Wednesday, 23 February 2011

Why are Saving Rates so High in China?

This is an age old question that has been looked at many times before this time in a NBER paper (so it must be of a decent quality).

The simple answer is the lack of a welfare state leading to a lot of "rainy day" saving and also the importance of education where investment in an often single child can cost a relative fortune and needs to be saved for.

The Chinese are rapidly learning how to be good consumers and follow the West in wanting lots of useless trinkets, new clothes and gadgets. The saving rate is sure to fall over time as materialism kicks in.


"Why are Saving Rates so High in China?"
NBER Working Paper No. w16771
DENNIS TAO YANG,

JUNSEN ZHANG, Chinese University of Hong Kong (CUHK) - Department of Economics, Institute for the Study of Labor (IZA)

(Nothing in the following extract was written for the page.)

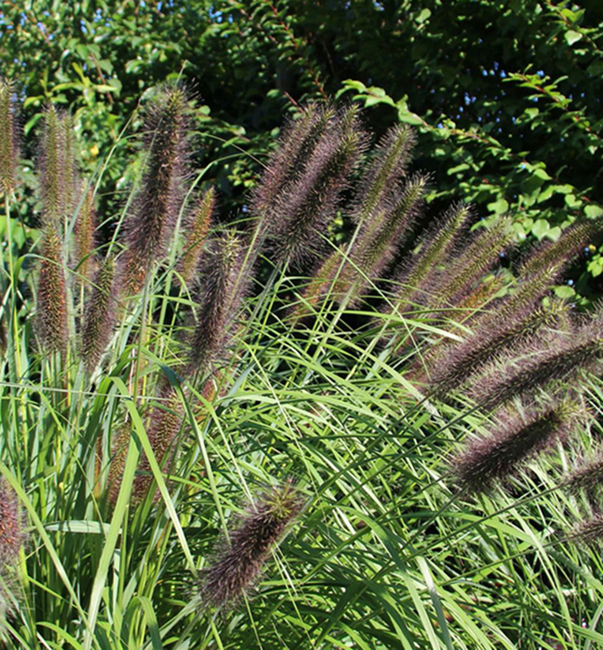 Žiadaná okrasná tráva so zelenými listami, ktoré sa na jeseň prefarbujú do fialova.
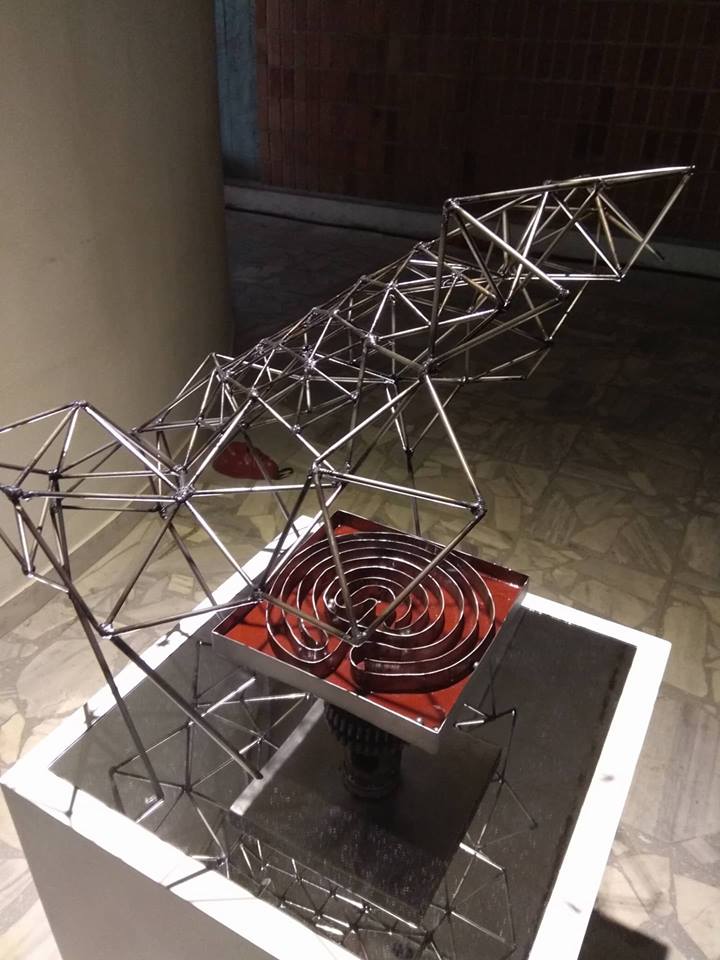 το γλυπτό “Δεσμός” της Δανάης Νικολαΐδη-Κωτσάκη, με την ιδιαίτερη πολυπλοκότητα και μηχανιστική εμφάνιση τονίζει το πολυδαίδαλο ταξίδι της σκέψης δωσμένο υπό το πρίσμα της συνεχούς επαγρύπνησης και ανάγκης για επιβίωση

SHAOJIE ZHOU, Tsinghua University

In this paper, we define "The Chinese Saving Puzzle" as the persistently high national saving rate at 34-53 percent of gross domestic product (GDP) in the past three decades and a surge in the saving rate by 11 percentage points from 2000-2008. Using data from the Flow of Funds Accounts (FFA) and Urban Household Surveys (UHS) supplemented by the findings from existing studies, we analyze the sources and causes of China's high and rising saving rates in the government, corporate, and household sectors. Although the causes of China's high saving are complex, we suggest that the evolving economic, demographic, and policy trends in the internal and external environments of the Chinese economy will likely lead to a decline in national saving in the foreseeable future.